知識や認識について、事実、仮説、推理、事実相互の関連、可能な事態の想像、媒概念などについて言い及んでいる。「真の学問は、まさに記号である観念で満足してはならず、個々の真相のうちに捉え返さねばならない」とか「書物というのは信じるためにではなく、検討されるべき対象として、つねに書かれるのだ」とか「迷宮の謎を解くときには、その中にいるよりも外に出たほうがよい」とかウイリアムはその時々に語る。作者の記号論学者としての顔が現れてくる。
また、ウイリアムは第1日で「この世界に何らかの秩序があることに心の慰めを感じたいと願っている」と語るが、事件の終局に至る第7日では、「本来ならばこの宇宙に秩序など存在しないと思いしるべきだった」という無神論的な感慨に至ってしまう。
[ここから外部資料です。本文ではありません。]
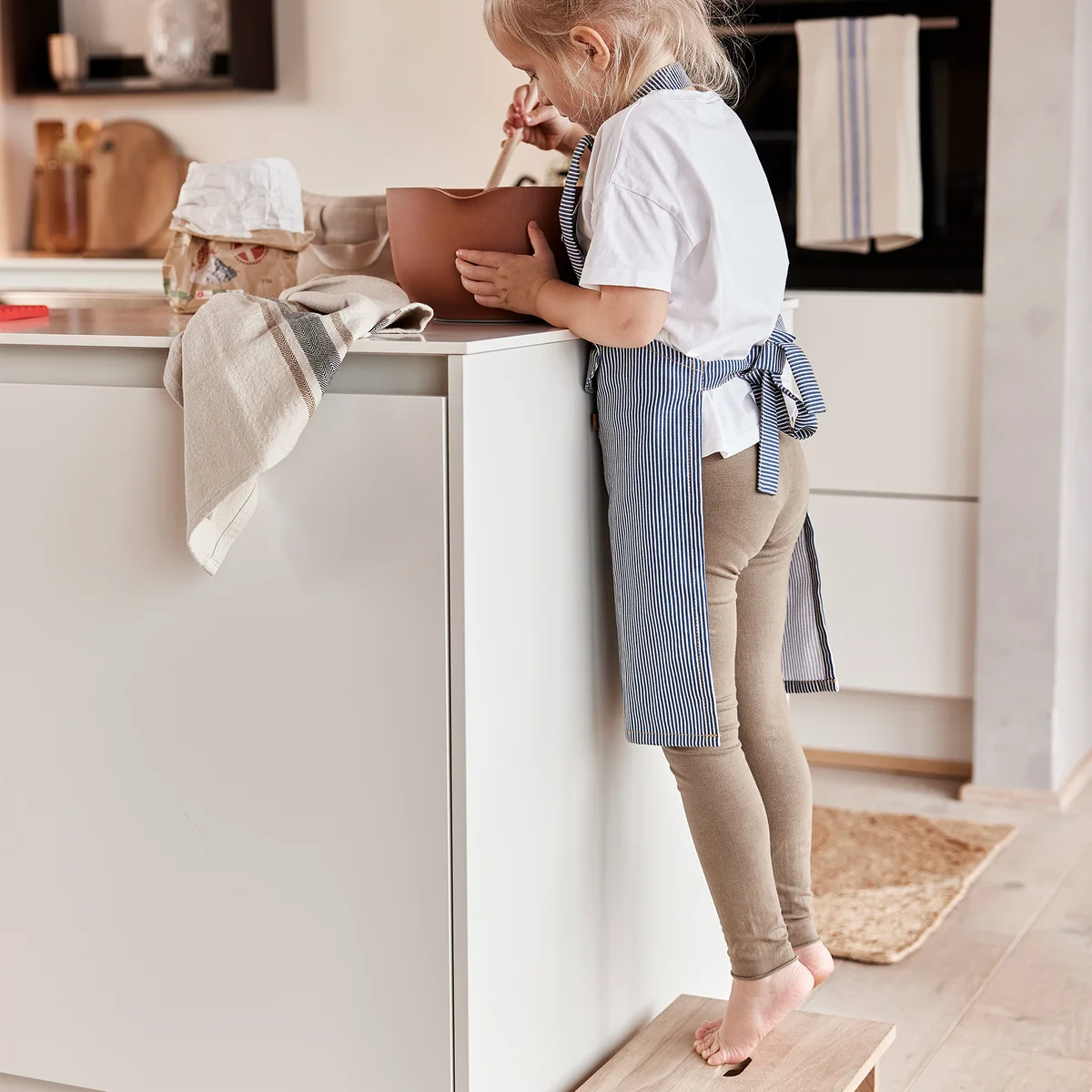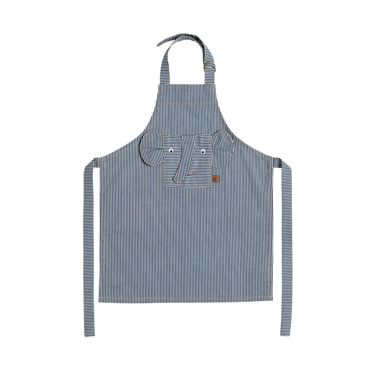 Die Striped Denim Elephant Schürze aus dem Hause OYOY Mini. Das Kochen spielt eine bedeutende Rolle im Alltag, daher sollte es auch Spaß machen – und das mit Schürzen für die ganze Familie. Diese Schürze ist ideal für alle, die gerne gemeinsam Zeit in der Küche verbringen. Die gestreifte Jeansschürze vereint auf elegante Weise Form und Funktion.
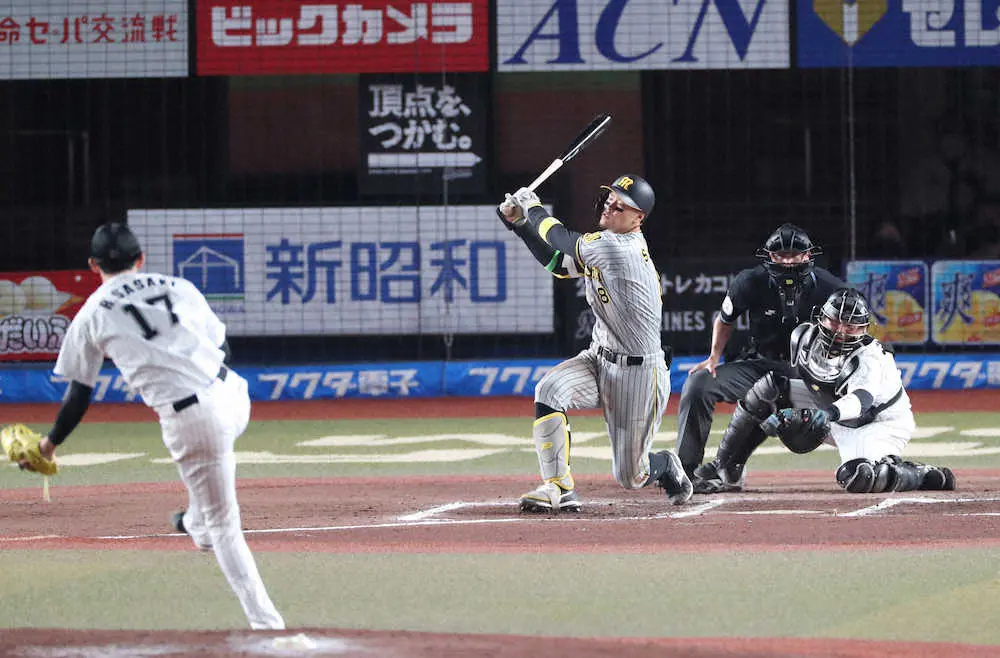 阪神・佐藤輝 朗希に悔しい2三振 2死三塁の好機で145キロフォークにバットが空を切る

このような、作品のいたるところに飾られた博識な知識や深い思想を楽しめるか否かに、この小説の成否の一端がかかっていると言ってもよい。
007のショーン・コネリー主演の映画は、ミステリとしてみた時に、小説よりおもしろかった。小説にあった過剰な観念の遊びを省略して、物語にスリルとサスペンスを生かしたからである。また、物語の舞台となる中世の修道院をスペクタクルに見せるのに成功したからである。